Architecture of Triton Inference Server
#

Inference serving is a tool to help you take your machine learning models and deploy them at scale, putting them behind some kind of service.

In the model repository, you need to place models. Models could be in your local repository, S3, cloud storages like GCP. Triton takes that model, loads it. When a client sends a request, or even a curl from the command line, triton has all sorts of advanced scheduling features per model queues to optimize the scheduling the request, scaling the number of instances per model based on popularity. If a certain model is more popular, you can load more instances of that, which is the ability to load models dynamically. Taking all these together, you get a http or grpc endpoint that you can query behind your service.

Netflix’s Model Scoring Service with Triton
#

Model Scoring Service overview
#

The model that Netflix is using is built internally, and it is gvm based.

Typical model serving flow at Netflix is like this.

The model here is not just the core machine learning model. It contains 4 stages of machine learnig, including data fetching, feature extraction, inference and ranking.

With seperating the inference, the service looks like below.

Triton Backend with Model Scoring Service
#

With Triton on the model scoring service, it is integrated into Model Scoring Service as a backend. This is a default choice for GPU inference. It supports different type of models, and has good cost efficiency for Netflix’s main workload. Various levels that can be tuned for better performance, dynamic batching, quantization, etc. Tools are also available for debugging and perf analysis.

LLM serving with Triton
#

Netflix’s benchmark results on December,2023 show that TensorRT-LLM has the best serving throughput for internal use cases.

After LLM is fine-tuned, it needs to be compiled into TensorRT-LLM engine, and then a yaml file will be generated during the completion. Than the Model Lifecycle Management Service sends deployment request which includes parameters like instance type, instance count, and yaml file location. The yaml file includes metadata such as engine repository location, tokenizer repository location. Then the Model Deployment Service deploys Model Scoring Service. This has GPU docker, and the Model Loader will first parse the yaml file and get the metadata. The engine files, token files, configuration files are downloaded so that Triton Backend can load them.

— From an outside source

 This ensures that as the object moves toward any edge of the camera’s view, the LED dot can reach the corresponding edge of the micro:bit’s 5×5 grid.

Usually there are 4 models involved in LLM Model Serving. The Preprocessing Model does cleaning, tokenization, normalization, and prepares input to main language model. The LLM Model is core model for understanding input and generating natural language text. Than the Postprocessing Model will refine the output to meet specific requirements and improve outpu t quality. This could involve tasks like filtering out irrelevant information, rephrasing sentences for clarity, and adding formatting. Than the Ensemble Model connects these 3 models together. The Application can talk to Model Scoring Service with HTTP or gRPC. The proxy will make gRPC requests to Triton Backend.

Learnings and Painpoints from using TensorRT-LLM backend
#

Although Triton is now being tested in the production environment because it is ongoing work, Netflix’s benchmark results show that TensorRT-LLM has great thorughput. Triton provides multi-framework support(Tensorflow, PyTorch, TensorRT-LLM) that allows unified deployment and serving.

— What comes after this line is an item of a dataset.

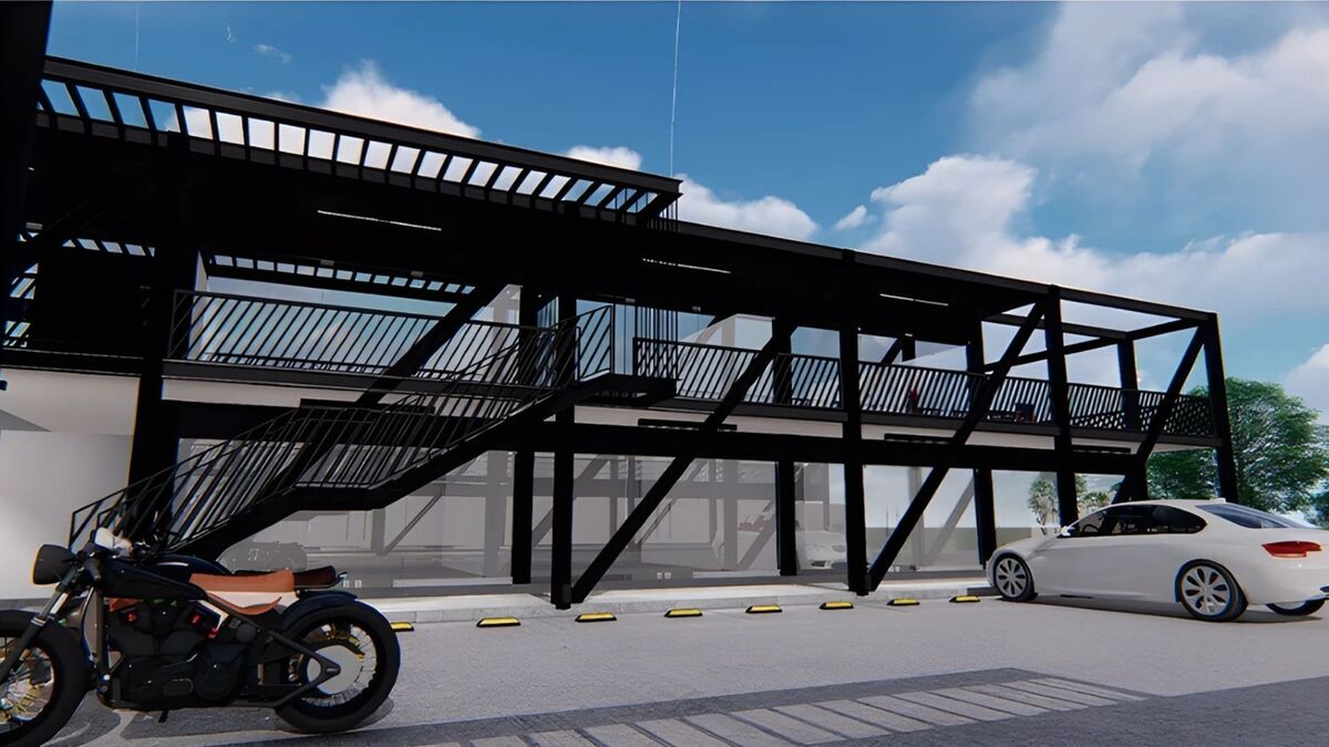 Possui dois quartos, sendo o principal com closet, dois banheiros completos, sala, sala de jantar, escritório no térreo, cozinha integrada com balcão, equipada com bancada de granito, pia dupla, fogão, exaustor, jardim, garagem para dois carros, porta principal na residência com fechadura inteligente.

There are also painpoints. First one is that Triton image has the TensorRT-LLM and required dependencies installed, however the Netflix could not use the Triton image directly, because Netflix has own base image. So Netflix had to compile TensorRT-LLM, maintaing all cuda and relevant dependencies. This can work as a maintainance burden. Second is that there are too many params to configure at compile time. It is challenging to strike a balance between ease-of-use and optimal performance. Users can be left in the dark, about what parameter will effect in the runtime performance. Lastly, TensorRT-LLM version has to be the same at compile time and runtime. It would be good to have backward compatility.